Instructions to follow:
If a record below holds a picture, leave the picture out and copy the rest exactly.

Data in this exercise:
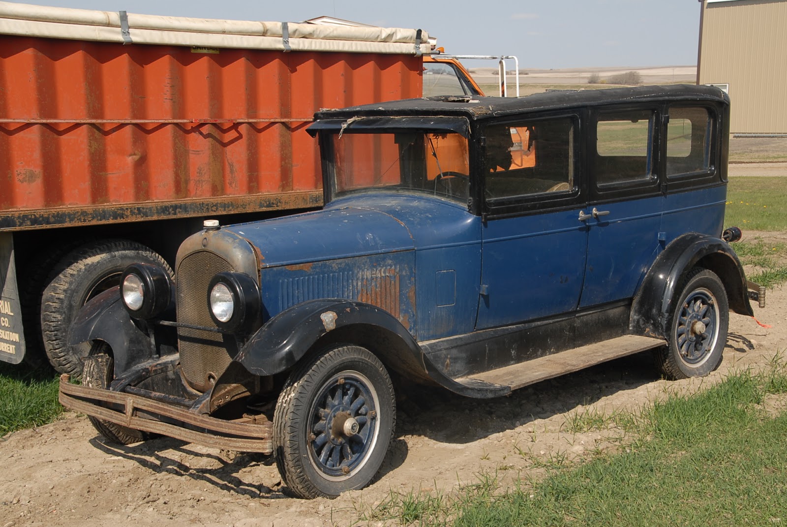 "I spied this 1925-ish Chrysler from the road and went onto a farm property to take these shots. There wasn't anyone around, because its seeding time ... anyway , it's a grand old car , crank start and all . You wouldn't have to take off your Stetson to drive this regal ride . This was just a little west of Cadillac (Saskatchewan). "-AE
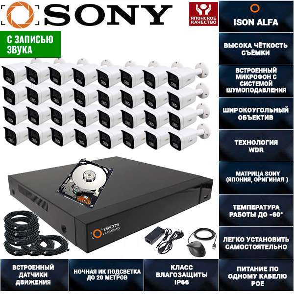 Готовая IP система видеонаблюдения с питанием POE. Комплект видеонаблюдения ISON ALFA S на 32 камеры производит запись в формате высокой четкости 4 мегапикселя 1440p, а также имеет удобную функцию передачи питания и видеосигнала по одному кабелю POE, данная функция значительно упростит монтаж и настройку системы. Система видеонаблюдения ISON ALFA S имеет функцию удаленного просмотра со смартфона. Система имеет встроенный POE коммутатор, поддержку 3g/4g, встроенные датчики движения, высококачественную матрицу SONY (ОРИГИНАЛ). IP система видеонаблюдения с POE ISON ALFA S на 32 камеры включает в себя IP камеры с POE питанием, кабель для видеонаблюдения витая пара с разъемами, видеорегистратор, POE коммутаторы. Готовую IP систему видеонаблюдения ISON ALFA S на 32 камеры с POE легко подключить и настроить самостоятельно. Если вы хотите заменить стандартные 18-метровые бухты кабеля на более длинные либо регистратор под расширение выберите нужную вам замену в конфигураторе возле кнопки купить. Опционально к данной системе видеонаблюдения вы можете добавить источник бесперебойного питания (для защиты вашей системы от перепадов напряжения и для работы системы при отключении электроэнергии) и основания для крепления камер (для герметизации разъёмов при уличном монтаже). Оформить заказ на данный комплект видеонаблюдения вы можете добавив его в корзину. Доставка при заказе от 15 000р бесплатная в любой город РФ.
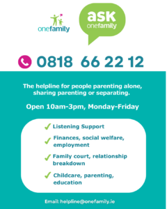 You can call the askonefamily helpline on 0818 662 212 or 01 662 9212, or email your query to helpline@onefamily.ie.
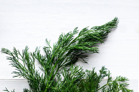 Fresh green dill on a white wooden background. Top view. Copy, empty space for text.
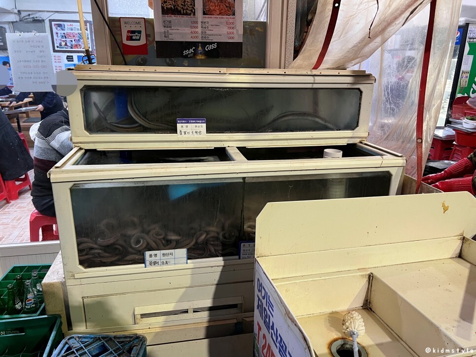 국내산, 미국산 꼼장어가 수조에 한가득
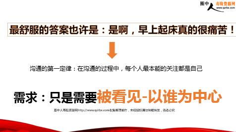 看清客户的需求--共情心法 测试题 早上起床的时候,老婆对老公说:老公,我太困了,我一点都不想起床去上班,我好痛苦啊! 如果你是老公,你会如何回应老婆?( ) A.迟到了怎么办? B.我教你一个清醒的方案...... C.你就辞职吧 D.是啊,早上起床真的很痛苦! 最舒服的答案也许是:是啊,早上起床真的很痛苦! 需求:只是需要被看见-以谁为中心 沟通的第一定律:在沟通的过程中,每个人最本能的关注都是自己 以“我”为中心的沟通的方式,被称之为“I”型沟通。I代表“我” 需求 否定 I型沟通的特点:好像解决问题的核心人物是我,而不是他本人。 满足对方 对方 陷入I型沟通带来的沟通“破坏” 两种“破坏” 1让对方自我封闭,关上沟通的大门(这样我们就真的没有办法发掘客户真正的问题) 2自我辩解,造成争执冲突 (这样我们就有可能和客户陷入对立面) 和对方建立沟通,需要调整到对方的情绪频道上主语由I变为YOU 例如:你认为、你觉得这种沟通暗示,称之为U型沟通。 U型沟通=你+感受 如何从I型沟通转变为U型沟通 学会发送邀请卡打开客户的话匣子 方法一 学会提问,让TA自己找到答案
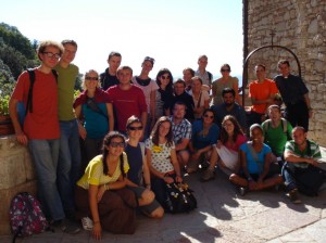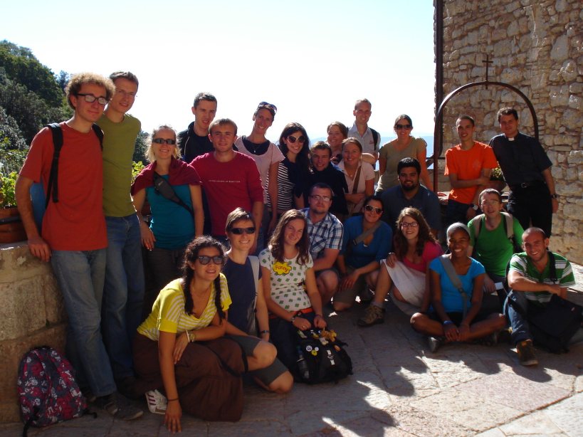 Just a quick update! I have now completed my first week at ESM Rome! And what a week it was! I arrived to meet twenty young enthusiastic student missionaries from 12 different countries from all over the world:- England, France, Germany, Portugal, Latvia, The Netherlands, Egypt, Australia, United States, Canada, Czech Republic and Kazakistan! The day after we arrived we all went by train in the early morning to Assisi for a six day retreat. It was a wonderful and very blessed week which was a most memorable start to my time here. We were soon immersed into the charisms of the community and had daily services, adoration and praise; while also taking part in drama, sport and many other community based activities. We were blessed with wonderful sunshine all week, it was hard to believe it’s October – it seemed rather like the middle of summer! In Assisi it was such a privilege to grow in deep knowledge of the richness of the lives of Saint Clare and Saint Francis – we were even priviliged to be present there on the feast day of Saint Francis which was a magnificent celebration. We stayed at a retreat house close to the Basilica of Saint Francis and had a beautiful Mass in an underground chapel of on the opening day of the retreat. We also had a tour on the Basilica and a presentation on the life of Saint Francis & the founding of the Franciscan order. One of many highlights was attending the 6am Mass on his feast day in the Chapel where his tomb lies. We visited the Basilica of Saint Clare and I prayed at her tomb for all the Poor Clares, especially those in Ireland as they celebrate 800 years of the order. We also went to San Damiano – the first monastery of Saint Clare where Clare established the order. It was a beautiful place for silent prayer and reflection. We visited the dormitory where Clare slept, and saw the small chapel where the sisters prayed. We visited San Rufino, the cathedral of Assisi, where Clare was baptised and Francis probably as well. We also had many outdoor activities in the course of the week and undertook a pilgrimage walk on the trails of Saint Francis, visiting the hermitages of the Carceri, above Assisi, where Francis and his early brothers in the order went to pray alone, living in small caves. Overall these days of retreat were very special and the memories will remain in my heart for some time to come. Saint Francis and Saint Clare, pray for us.
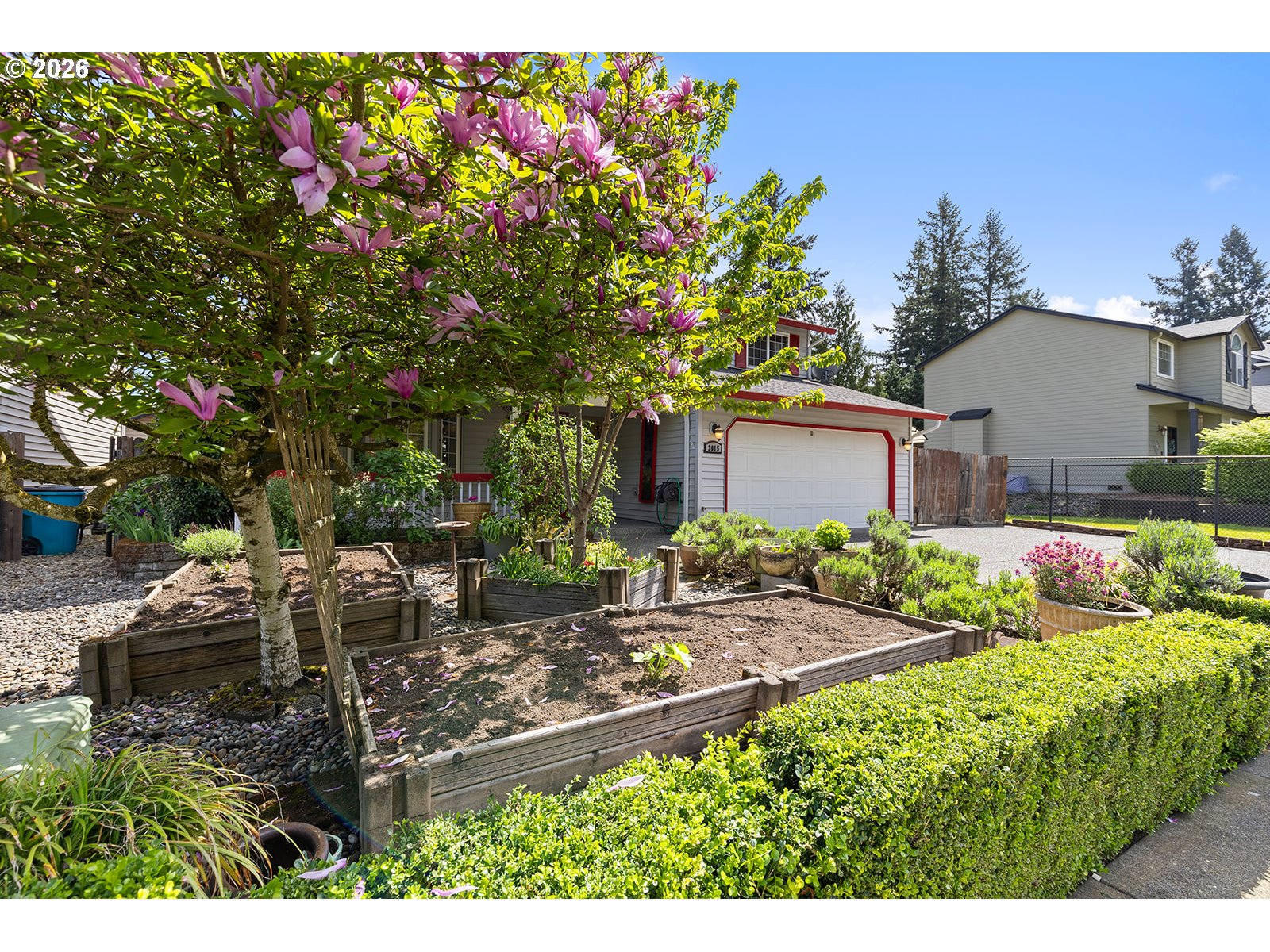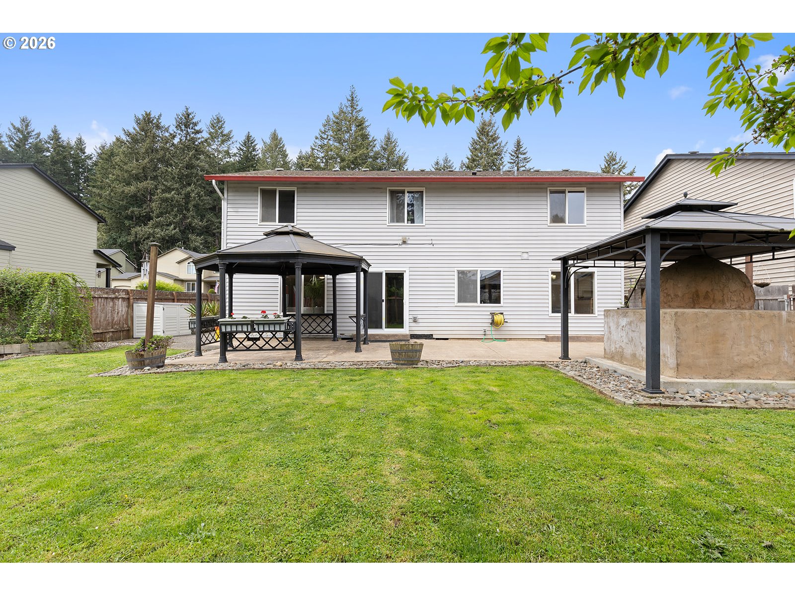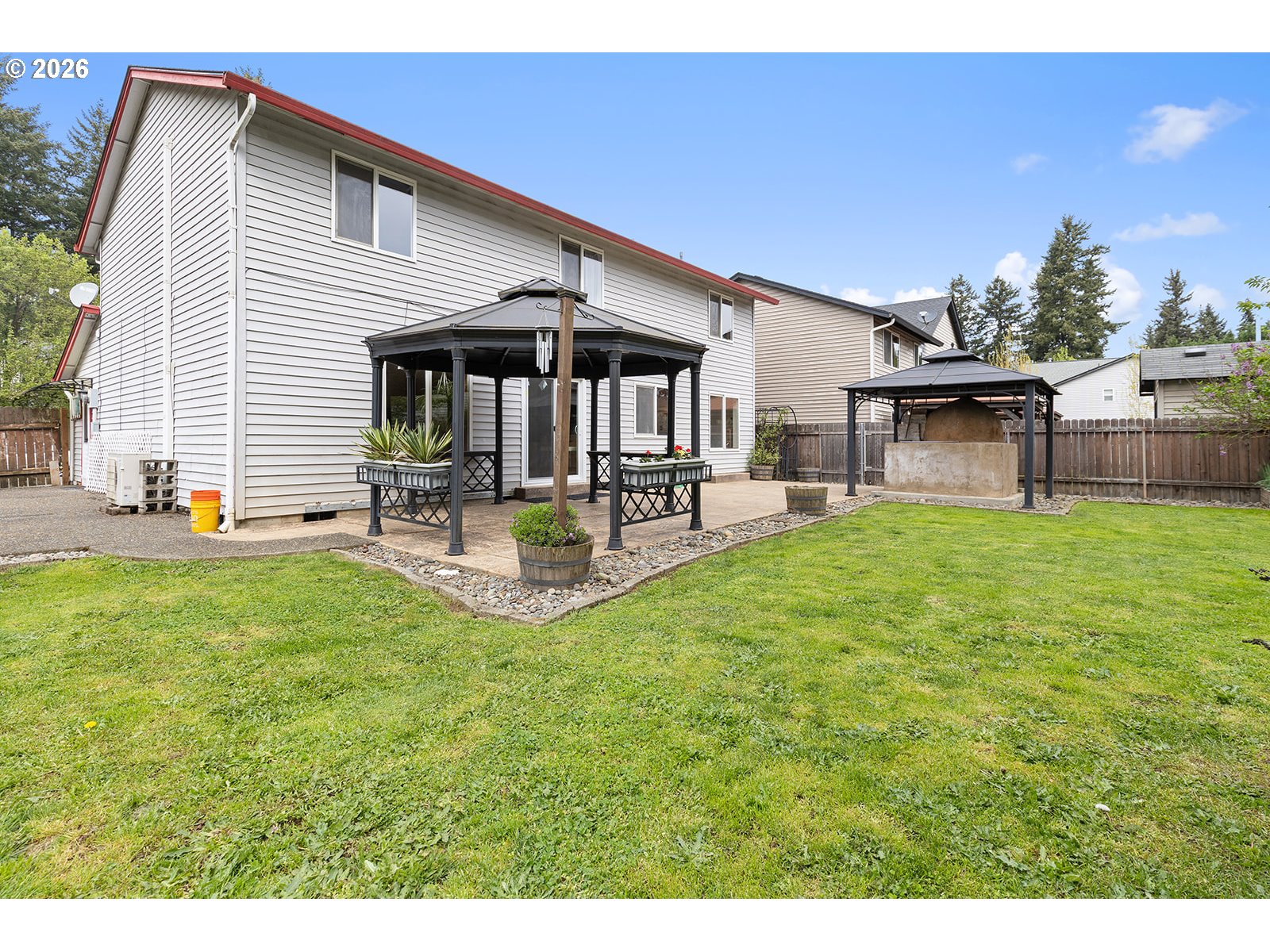 Welcome to a rare 5-bedroom home in the desirable Spring Creek neighborhood, offering the space and flexibility that’s increasingly hard to find. Set on a large, flat lot nestled next to a water retention pond for added privacy with only one neighboring side, this property stands out immediately with level parking, including dedicated RV and/or boat parking. The backyard is designed for both function and enjoyment, featuring an expansive stamped concrete patio, built-in pizza oven (2014), gazebo, and a lofted storage shed—creating a true outdoor retreat. The fully fenced yard is complemented by beautifully established landscaping, with mature shade trees and vibrant blooms including cherry and magnolia trees, along with peonies, jasmine, honeysuckle, and lavender. Inside, the home is clean, refreshed, and move-in ready with new laminate flooring, fresh interior paint, updated trim, and upgraded lighting. The spacious kitchen offers a breakfast bar, oversized pantry, and abundant cabinetry, flowing into both formal and casual living spaces including a dining room, bay window living room, and comfortable family room. Upstairs, all five bedrooms are thoughtfully positioned with ceiling fans and nearby laundry for convenience. The owner’s suite includes dual closets, and both bathrooms have been updated with new flooring and paint. Major system updates include a newer roof (2015), updated electrical panel (2015), Performance Plus hot water tank, and three ductless heat pumps for efficient heating and cooling. With a rare bedroom count, standout outdoor amenities, and practical upgrades already completed, this home offers a compelling combination of space, usability, and value.
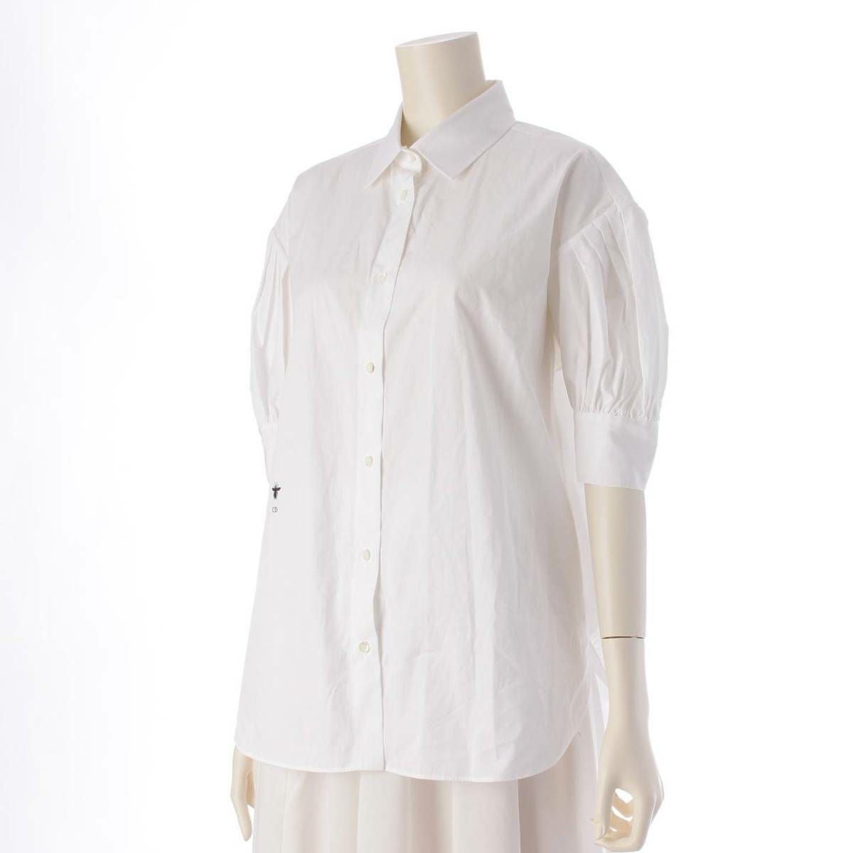 ディオール DIOR 22年 Bee ビー刺繍 パフスリーブ 半袖 コットン ブラウス シャツ ホワイト 34

Response box:
 "I spied this 1925-ish Chrysler from the road and went onto a farm property to take these shots. There wasn't anyone around, because its seeding time ... anyway , it's a grand old car , crank start and all . You wouldn't have to take off your Stetson to drive this regal ride . This was just a little west of Cadillac (Saskatchewan). "-AE
 Готовая IP система видеонаблюдения с питанием POE. Комплект видеонаблюдения ISON ALFA S на 32 камеры производит запись в формате высокой четкости 4 мегапикселя 1440p, а также имеет удобную функцию передачи питания и видеосигнала по одному кабелю POE, данная функция значительно упростит монтаж и настройку системы. Система видеонаблюдения ISON ALFA S имеет функцию удаленного просмотра со смартфона. Система имеет встроенный POE коммутатор, поддержку 3g/4g, встроенные датчики движения, высококачественную матрицу SONY (ОРИГИНАЛ). IP система видеонаблюдения с POE ISON ALFA S на 32 камеры включает в себя IP камеры с POE питанием, кабель для видеонаблюдения витая пара с разъемами, видеорегистратор, POE коммутаторы. Готовую IP систему видеонаблюдения ISON ALFA S на 32 камеры с POE легко подключить и настроить самостоятельно. Если вы хотите заменить стандартные 18-метровые бухты кабеля на более длинные либо регистратор под расширение выберите нужную вам замену в конфигураторе возле кнопки купить. Опционально к данной системе видеонаблюдения вы можете добавить источник бесперебойного питания (для защиты вашей системы от перепадов напряжения и для работы системы при отключении электроэнергии) и основания для крепления камер (для герметизации разъёмов при уличном монтаже). Оформить заказ на данный комплект видеонаблюдения вы можете добавив его в корзину. Доставка при заказе от 15 000р бесплатная в любой город РФ.
 You can call the askonefamily helpline on 0818 662 212 or 01 662 9212, or email your query to helpline@onefamily.ie.
 Fresh green dill on a white wooden background. Top view. Copy, empty space for text.
 국내산, 미국산 꼼장어가 수조에 한가득
 看清客户的需求--共情心法 测试题 早上起床的时候,老婆对老公说:老公,我太困了,我一点都不想起床去上班,我好痛苦啊! 如果你是老公,你会如何回应老婆?( ) A.迟到了怎么办? B.我教你一个清醒的方案...... C.你就辞职吧 D.是啊,早上起床真的很痛苦! 最舒服的答案也许是:是啊,早上起床真的很痛苦! 需求:只是需要被看见-以谁为中心 沟通的第一定律:在沟通的过程中,每个人最本能的关注都是自己 以“我”为中心的沟通的方式,被称之为“I”型沟通。I代表“我” 需求 否定 I型沟通的特点:好像解决问题的核心人物是我,而不是他本人。 满足对方 对方 陷入I型沟通带来的沟通“破坏” 两种“破坏” 1让对方自我封闭,关上沟通的大门(这样我们就真的没有办法发掘客户真正的问题) 2自我辩解,造成争执冲突 (这样我们就有可能和客户陷入对立面) 和对方建立沟通,需要调整到对方的情绪频道上主语由I变为YOU 例如:你认为、你觉得这种沟通暗示,称之为U型沟通。 U型沟通=你+感受 如何从I型沟通转变为U型沟通 学会发送邀请卡打开客户的话匣子 方法一 学会提问,让TA自己找到答案
 Just a quick update! I have now completed my first week at ESM Rome! And what a week it was! I arrived to meet twenty young enthusiastic student missionaries from 12 different countries from all over the world:- England, France, Germany, Portugal, Latvia, The Netherlands, Egypt, Australia, United States, Canada, Czech Republic and Kazakistan! The day after we arrived we all went by train in the early morning to Assisi for a six day retreat. It was a wonderful and very blessed week which was a most memorable start to my time here. We were soon immersed into the charisms of the community and had daily services, adoration and praise; while also taking part in drama, sport and many other community based activities. We were blessed with wonderful sunshine all week, it was hard to believe it’s October – it seemed rather like the middle of summer! In Assisi it was such a privilege to grow in deep knowledge of the richness of the lives of Saint Clare and Saint Francis – we were even priviliged to be present there on the feast day of Saint Francis which was a magnificent celebration. We stayed at a retreat house close to the Basilica of Saint Francis and had a beautiful Mass in an underground chapel of on the opening day of the retreat. We also had a tour on the Basilica and a presentation on the life of Saint Francis & the founding of the Franciscan order. One of many highlights was attending the 6am Mass on his feast day in the Chapel where his tomb lies. We visited the Basilica of Saint Clare and I prayed at her tomb for all the Poor Clares, especially those in Ireland as they celebrate 800 years of the order. We also went to San Damiano – the first monastery of Saint Clare where Clare established the order. It was a beautiful place for silent prayer and reflection. We visited the dormitory where Clare slept, and saw the small chapel where the sisters prayed. We visited San Rufino, the cathedral of Assisi, where Clare was baptised and Francis probably as well. We also had many outdoor activities in the course of the week and undertook a pilgrimage walk on the trails of Saint Francis, visiting the hermitages of the Carceri, above Assisi, where Francis and his early brothers in the order went to pray alone, living in small caves. Overall these days of retreat were very special and the memories will remain in my heart for some time to come. Saint Francis and Saint Clare, pray for us.
 Welcome to a rare 5-bedroom home in the desirable Spring Creek neighborhood, offering the space and flexibility that’s increasingly hard to find. Set on a large, flat lot nestled next to a water retention pond for added privacy with only one neighboring side, this property stands out immediately with level parking, including dedicated RV and/or boat parking. The backyard is designed for both function and enjoyment, featuring an expansive stamped concrete patio, built-in pizza oven (2014), gazebo, and a lofted storage shed—creating a true outdoor retreat. The fully fenced yard is complemented by beautifully established landscaping, with mature shade trees and vibrant blooms including cherry and magnolia trees, along with peonies, jasmine, honeysuckle, and lavender. Inside, the home is clean, refreshed, and move-in ready with new laminate flooring, fresh interior paint, updated trim, and upgraded lighting. The spacious kitchen offers a breakfast bar, oversized pantry, and abundant cabinetry, flowing into both formal and casual living spaces including a dining room, bay window living room, and comfortable family room. Upstairs, all five bedrooms are thoughtfully positioned with ceiling fans and nearby laundry for convenience. The owner’s suite includes dual closets, and both bathrooms have been updated with new flooring and paint. Major system updates include a newer roof (2015), updated electrical panel (2015), Performance Plus hot water tank, and three ductless heat pumps for efficient heating and cooling. With a rare bedroom count, standout outdoor amenities, and practical upgrades already completed, this home offers a compelling combination of space, usability, and value.
 ディオール DIOR 22年 Bee ビー刺繍 パフスリーブ 半袖 コットン ブラウス シャツ ホワイト 34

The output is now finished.